— What to do —
Would you please write out each of the entries below exactly, omitting pictures?

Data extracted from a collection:
···
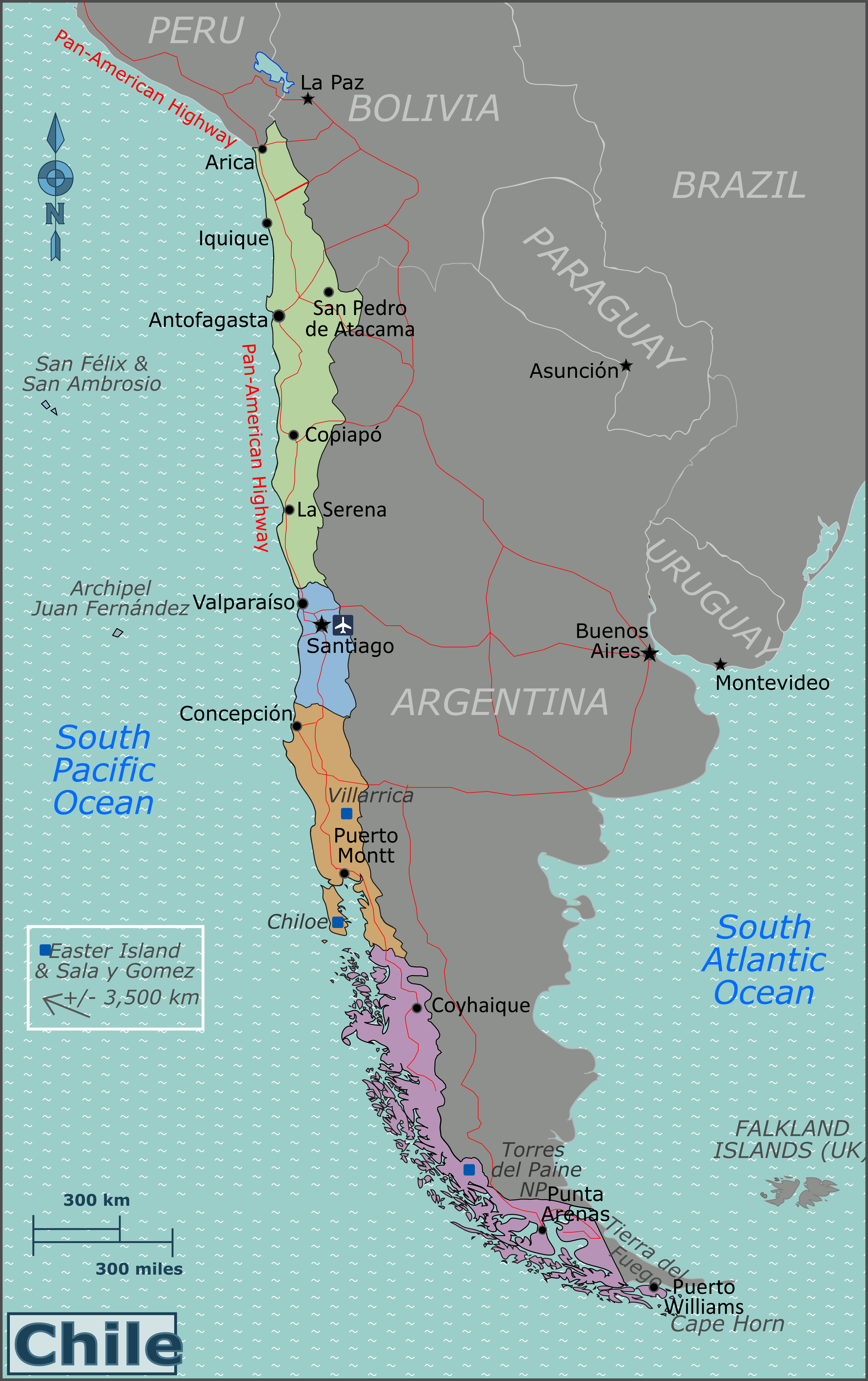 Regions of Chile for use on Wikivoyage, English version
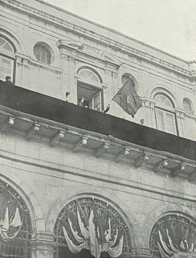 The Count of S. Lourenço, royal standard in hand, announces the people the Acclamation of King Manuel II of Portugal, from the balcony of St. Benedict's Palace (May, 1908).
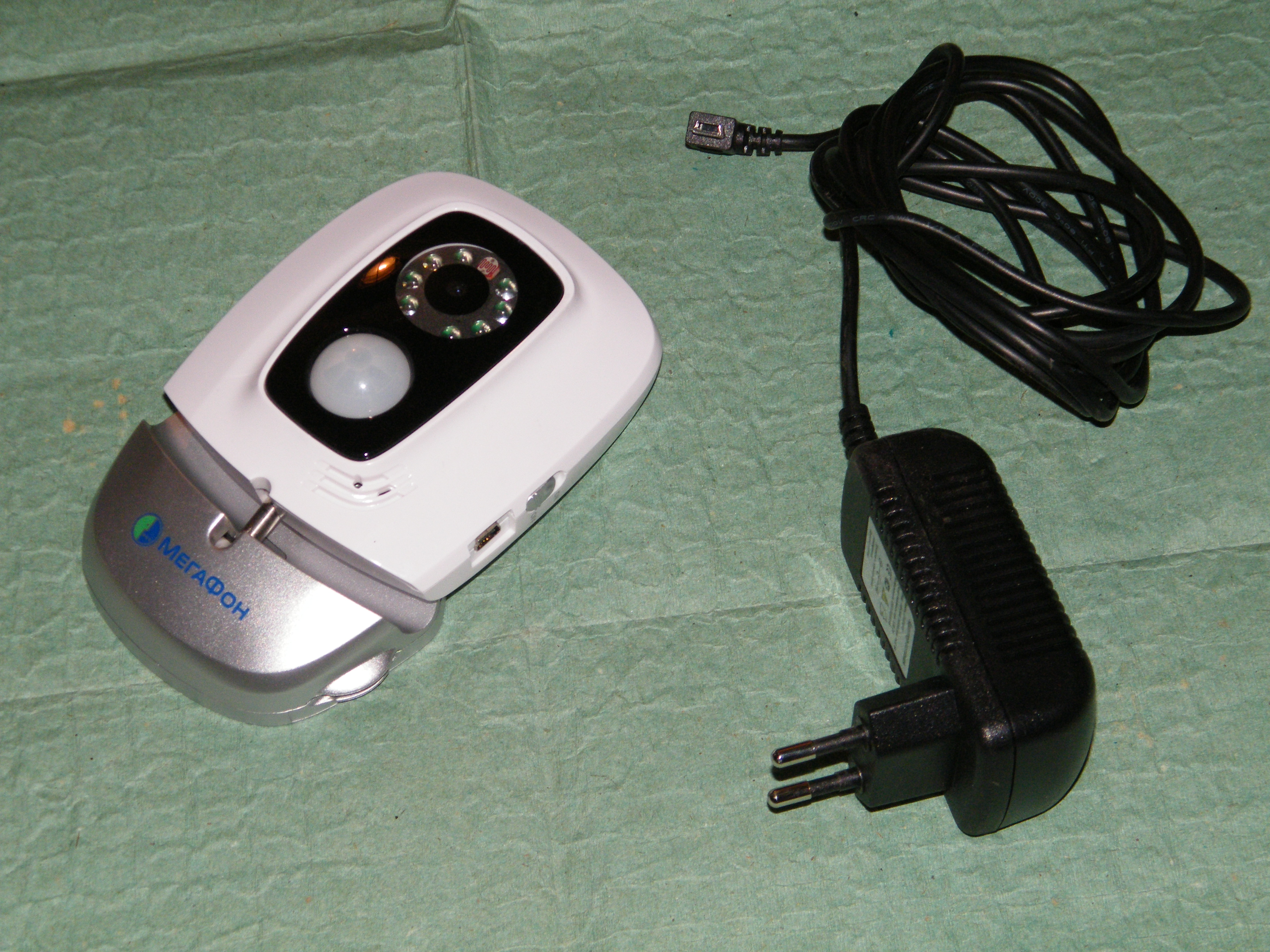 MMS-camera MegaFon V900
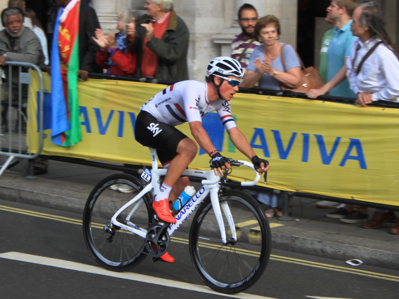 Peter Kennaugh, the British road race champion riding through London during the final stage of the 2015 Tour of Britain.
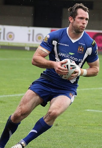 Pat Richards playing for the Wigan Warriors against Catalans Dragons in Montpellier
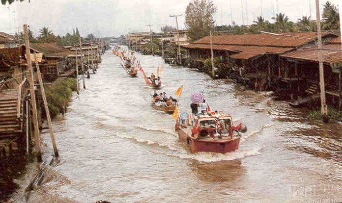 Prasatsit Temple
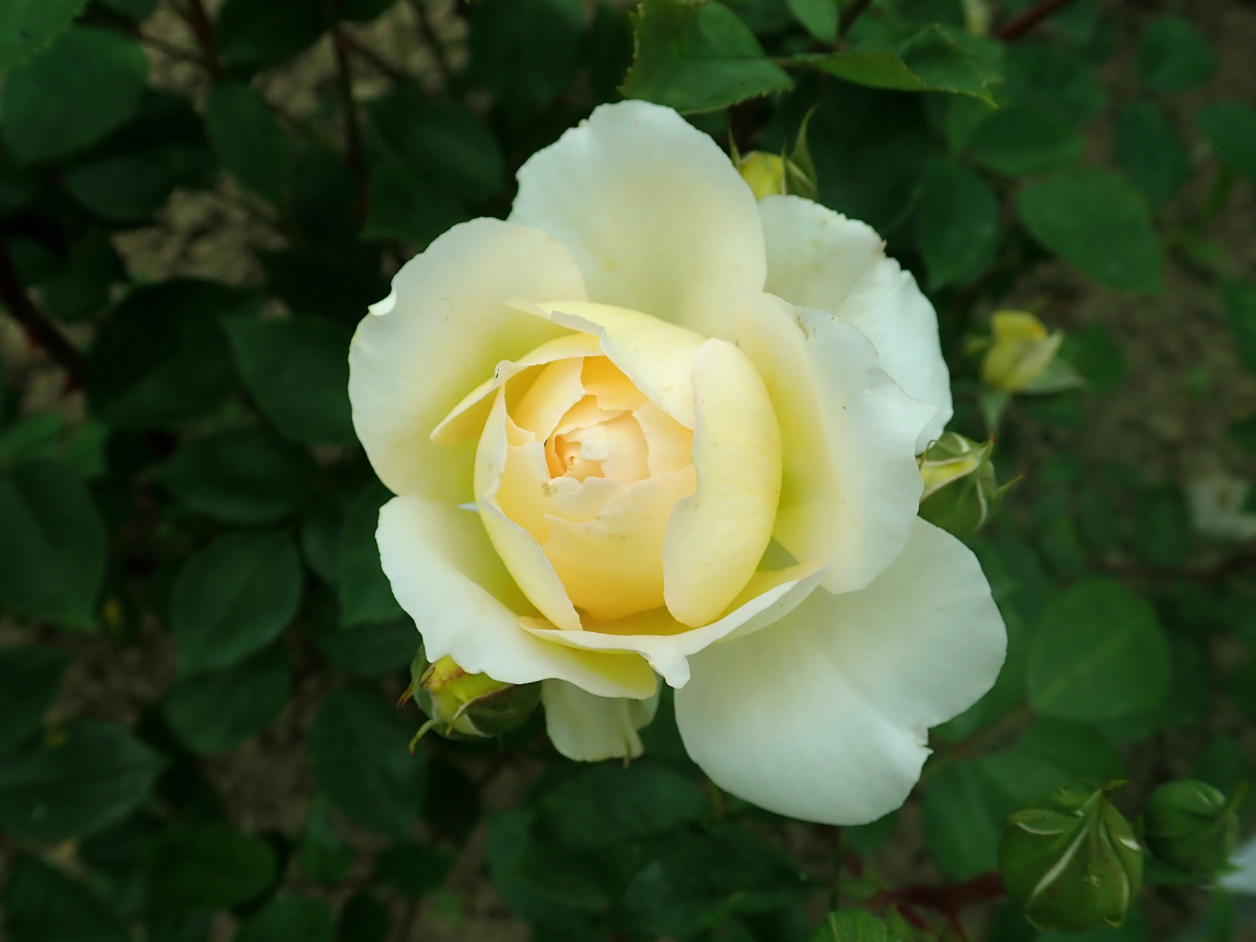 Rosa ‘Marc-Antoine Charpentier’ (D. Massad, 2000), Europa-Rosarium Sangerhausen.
···
— Your solution —
 Regions of Chile for use on Wikivoyage, English version
 The Count of S. Lourenço, royal standard in hand, announces the people the Acclamation of King Manuel II of Portugal, from the balcony of St. Benedict's Palace (May, 1908).
 MMS-camera MegaFon V900
 Peter Kennaugh, the British road race champion riding through London during the final stage of the 2015 Tour of Britain.
 Pat Richards playing for the Wigan Warriors against Catalans Dragons in Montpellier
 Prasatsit Temple
 Rosa ‘Marc-Antoine Charpentier’ (D. Massad, 2000), Europa-Rosarium Sangerhausen.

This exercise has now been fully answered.